The relevant portions of G. L. c. 33, § 94, and G. L. c. 33, § 88, referred to in § 94, are set forth in the margin. 3 *636 The board contends simply that the Commonwealth’s militia is a statutorily unique organization and that the plain language of G. L. c. 33, §§ 88 & 94, expresses the Legislature’s intent that persons performing services under § 88 are not to be considered State employees for purposes of retirement benefits. Habeeb, on the other hand, argues that § 94 “applies only to persons seeking disability compensation for service-related motor vehicle injuries” and that the legislative history of §§ 88 and 94 makes clear that the Legislature did not intend “to deprive otherwise eligible employees of non-disability related benefits in a portion of a statute which has dealt from its origin exclusively with the subject of disability claims derived from motor vehicle accidents.” While we think that the language of §§ 88 and 94 is less than plain, 4 we conclude that the legislative history of *637 § § 88 and 94 indicates that the Legislature did intend to include officers and enlisted persons of the Commonwealth’s militia within the bar erected by § 94.

Mindful that it is our duty to “construe the statute to effectuate the objectives of its framers,” James J. Welch & Co. v. Deputy Comm’r of Capital Planning & Operations, 387 Mass. 662, 666 (1982), we turn to the legislative history and context of §§ 88 and 94 for insight into those objectives. See Aldoupolis v.
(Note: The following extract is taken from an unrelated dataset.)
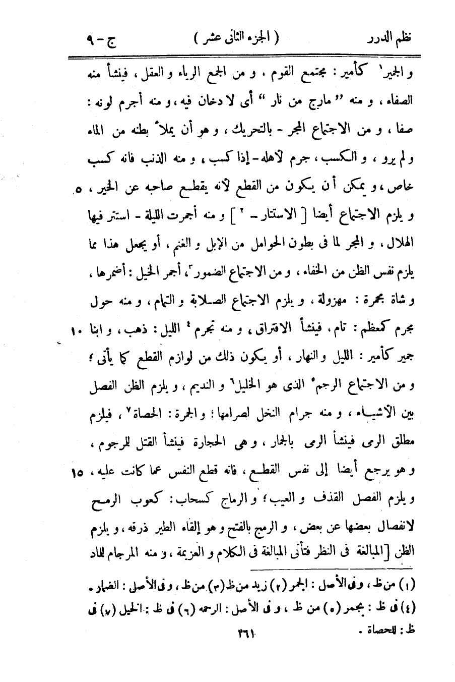 والجمير كأمير: مجتمع القوم، ومن الجمع الرياء والعقل، فينشأ منه الصفاء، ومنه {مارج من نار} أي لا دخان فيه، ومنه أجرم لونه: صفا، ومن الاجتماع المجر - بالتحريك، وهو أن يملأ بطنه من الماء ولم يرو، والكسب، جرم لأهله - إذا كسب، ومنه الذنب فإنه كسب خاص، ويمكن أن يكون من القطع لأنه يقطع صاحبه عن الخير، ويلزم الاجتماع أيضاً الاستتار ومنه أجمرت الليلة - استتر فيها الهلال، والمجر لما في بطون الحوامل من الإبل والغنم، أو يجعل هذا مما يلزم نفس الظن من الخفاء، ومن الاجتماع الضمور، أجمر الخيل: أضمرها، وشاة مجمرة: مهزولة، ويلزم الاجتماع الصلابة والتمام، ومنه حول مجرم كمعظم: تام، فينشأ الافتراق، ومنه تجرم الليل: ذهب، وابنا جمير كأمير: الليل والنهار، أو يكون ذلك من لوازم القطع كما يأتي؛ ومن الاجتماع الرجم الذي هو الخليل والنديم، ويلزم الظن الفصل بين الأشياء، ومنه جرام النخل لصرامها؛ والجمرة: الحصاة، فيلزم مطلق الرمي فينشأ الرمي بالجمار، وهي الحجارة فينشأ القتل للمرجوم، وهو يرجع أيضاً إلى نفس القطع، فإنه قطع النفس عما كانت عليه، ويلزم الفصل القذف والعيب؛ والرماج كسحاب: كعوب الرمح لانفصال بعضها عن بعض، والرمج بالفتح وهو إلقاء الطير ذرقه، ويلزم الظن المبالغة في النظر فتأتي المبالغة في الكلام والعزيمة، ومنه المرجام للماد

Commonwealth, 386 Mass. 260, 264, cert. denied, 459 U.S. 864 (1982).

In 1943, the Legislature enacted St. 1943, c. 409 (1943 Act), an emergency provision entitled “An Act to provide for the acquiring of motor vehicles or for obtaining the use thereof by the military division of the executive department and for the settlement of certain claims against the commonwealth arising out of the operation of motor vehicles.” 5 Section 1 of this act amended G. L. c. 33 by inserting after § 55 new sections 55A through 55F. Until that time, G. L. c. 33, § 55, provided only for compensation benefits to members of the organized militia injured or disabled in the performance of their duty. The newly inserted § 55G was substantially the same as present G. L. c. 33, § 88. 6 Section 1 of the 1943 Act also inserted in G. L. c. 33 a new provision, § 55F, which was, in relevant part, essentially the same as the present G. L. c. 33, § 94. 7 Section 1 made no other reference to the employment status of members of the Commonwealth’s militia.
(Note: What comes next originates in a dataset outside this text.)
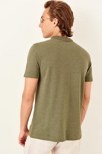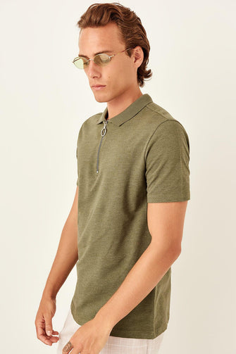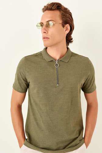 Khaki Men 'S Collar Zipper Short Sleeve New Polo Collar T-Shirt

Sections 3 and 4 of the 1943 Act, however, are particularly revealing as to the Legislature’s intent. Section 3 amend *638 ed G. L. c. 12, § 3B, which defined the obligation of the Attorney General to defend State employees or officers, at their request, in actions arising out of their use of State-owned motor vehicles, by adding a new paragraph which provided in part that “[f]or the purposes only of this section, an officer, or soldier of the military forces of the commonwealth, . . . shall while performing any lawfully ordered military duty be deemed to be an officer or employee of the commonwealth” (emphasis added). 8 Section 4 of the 1943 Act amended G. L. c. 260, § 4, the statute which established time limitations for the commencement of certain actions against, among others, State officers and employees, by adding a new sentence which provided that “[f]or the purposes only of this section, an officer or soldier of the military forces of the commonwealth, . . . shall while performing any lawfully ordered military *639 duty be deemed to be an officer or employee of the commonwealth” (emphasis added).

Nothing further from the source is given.